■ **DESCRIPTION OF THE TASK**:
Only the pictures are dropped. Restate each line below word for word.

■ **DATA SHOWN**:
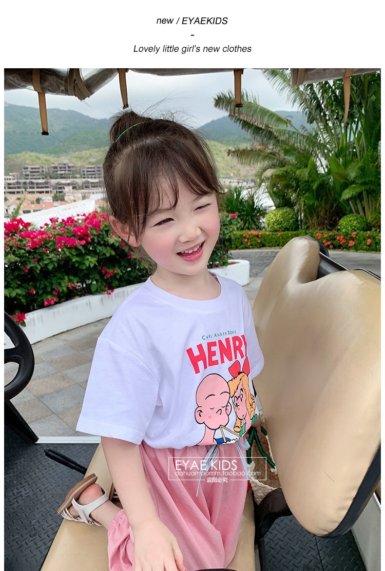 소녀들을위한 100 퓨어면 반팔 티셔츠 2023 년 여름 어린이 새로운 스타일 웨스턴 스타일 중간 및 큰 어린이와 어린 소녀를위한 모든 매치 탑스토어 가기
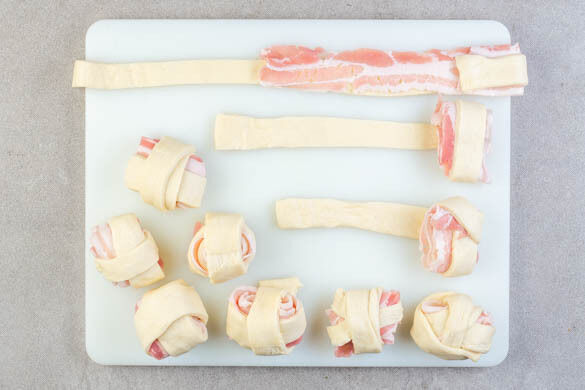 Jeweils eine Baconscheibe auf einen Teigstreifen geben und bis zum Bacon bündig aufrollen. Dann das restliche Stück der Teigstreifen um die Rollen zu Knoten wickeln.
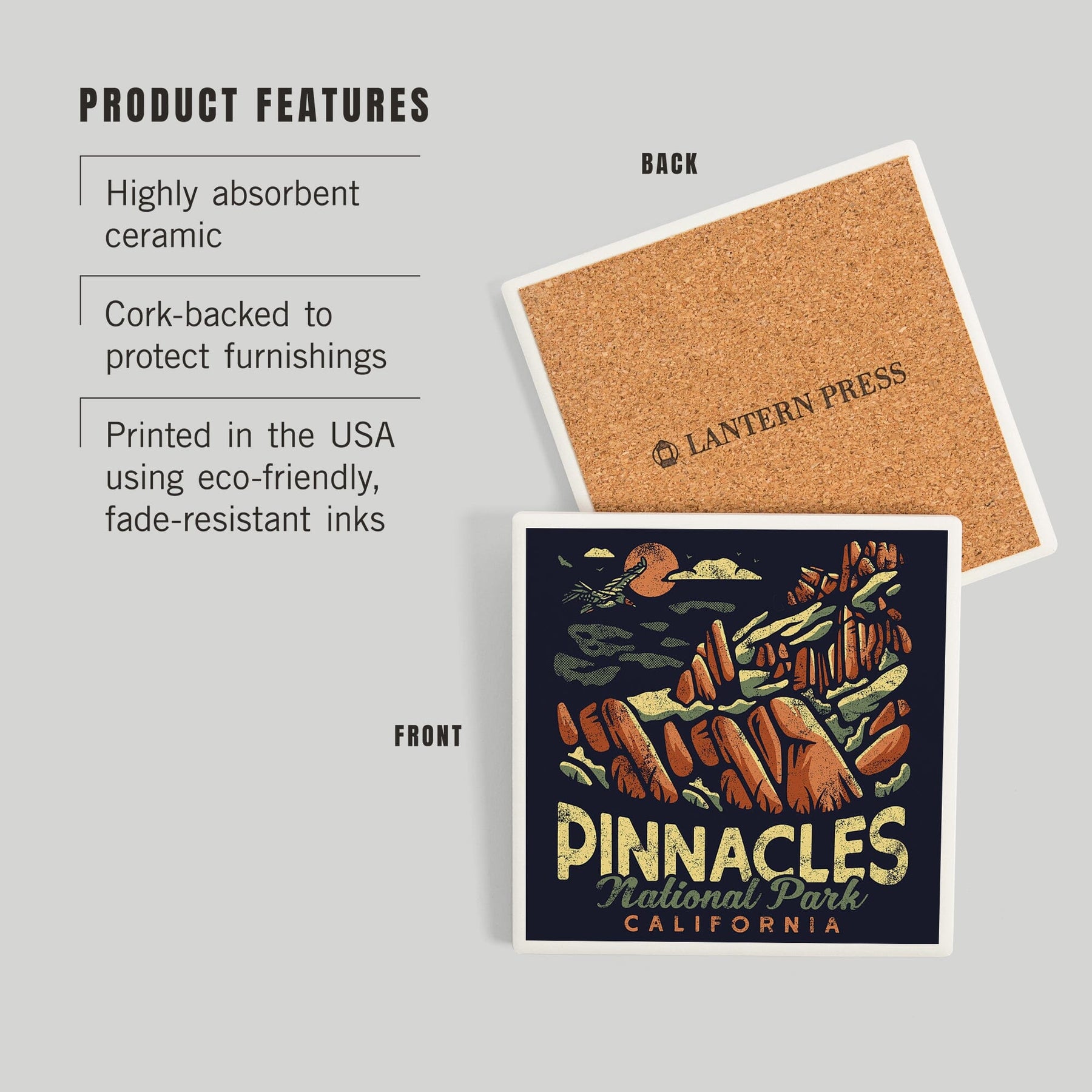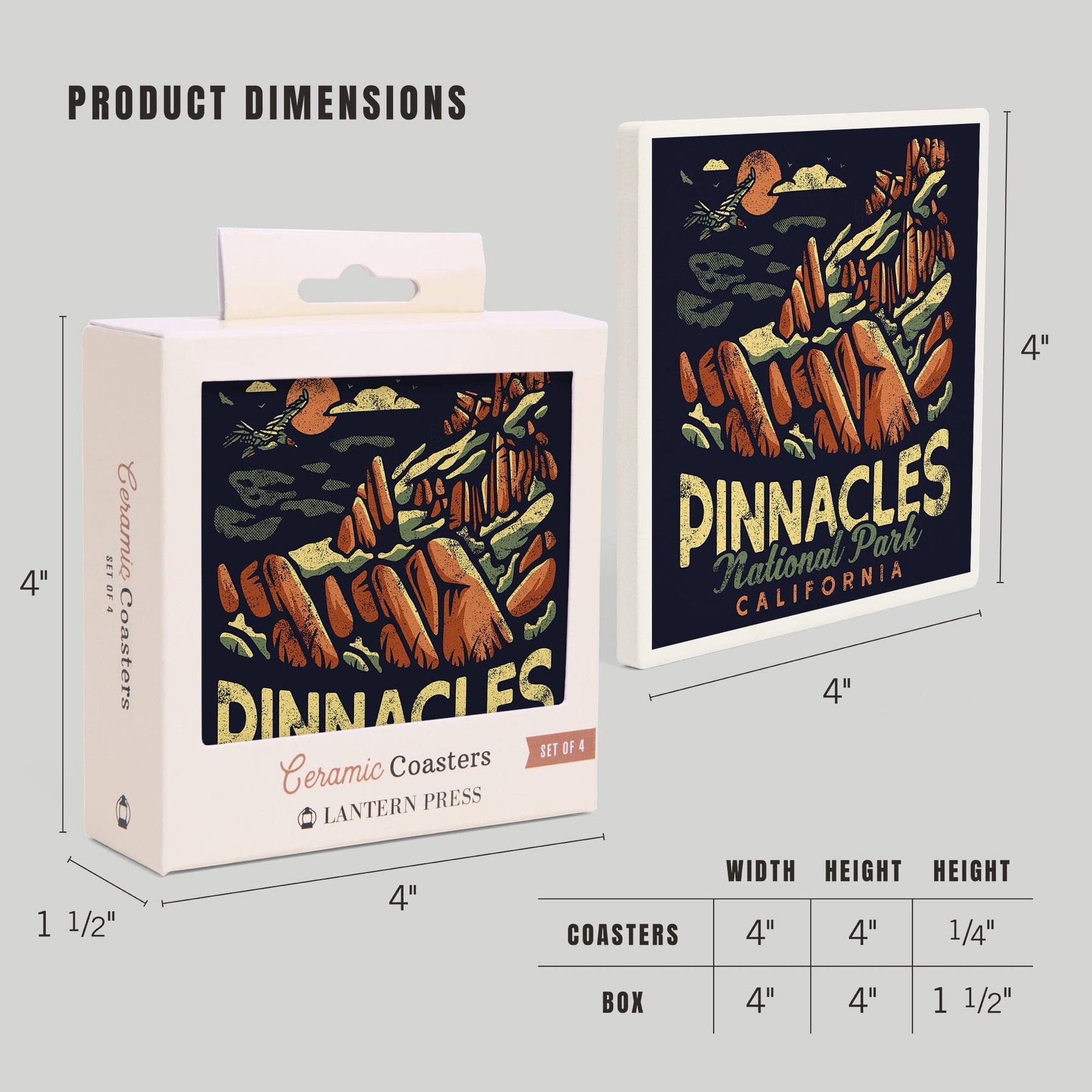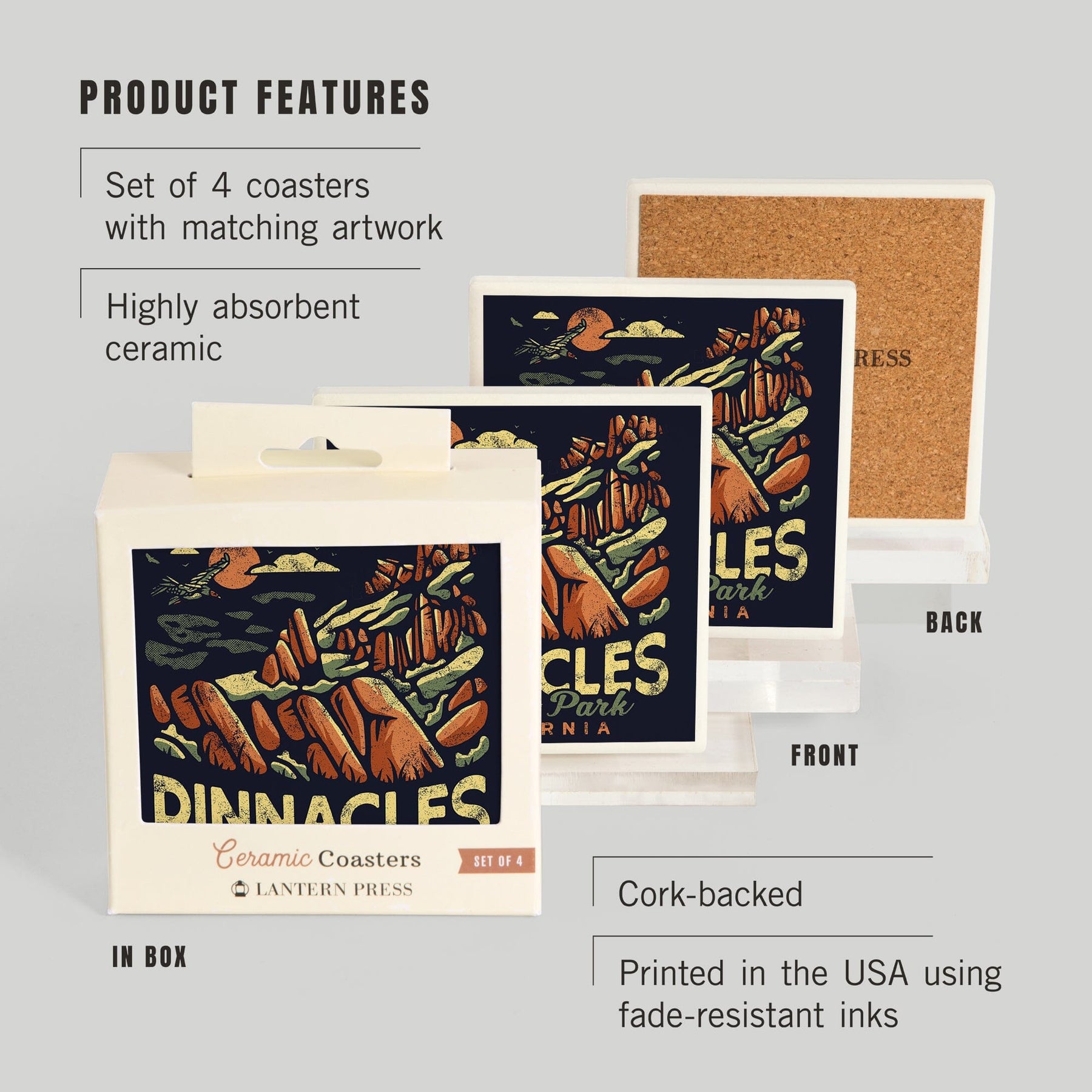 Pinnacles National Park, Distressed Vector, Coasters Coasters Lantern Press

■ **YOUR RESPONSE**:
 소녀들을위한 100 퓨어면 반팔 티셔츠 2023 년 여름 어린이 새로운 스타일 웨스턴 스타일 중간 및 큰 어린이와 어린 소녀를위한 모든 매치 탑스토어 가기
 Jeweils eine Baconscheibe auf einen Teigstreifen geben und bis zum Bacon bündig aufrollen. Dann das restliche Stück der Teigstreifen um die Rollen zu Knoten wickeln.
 Pinnacles National Park, Distressed Vector, Coasters Coasters Lantern Press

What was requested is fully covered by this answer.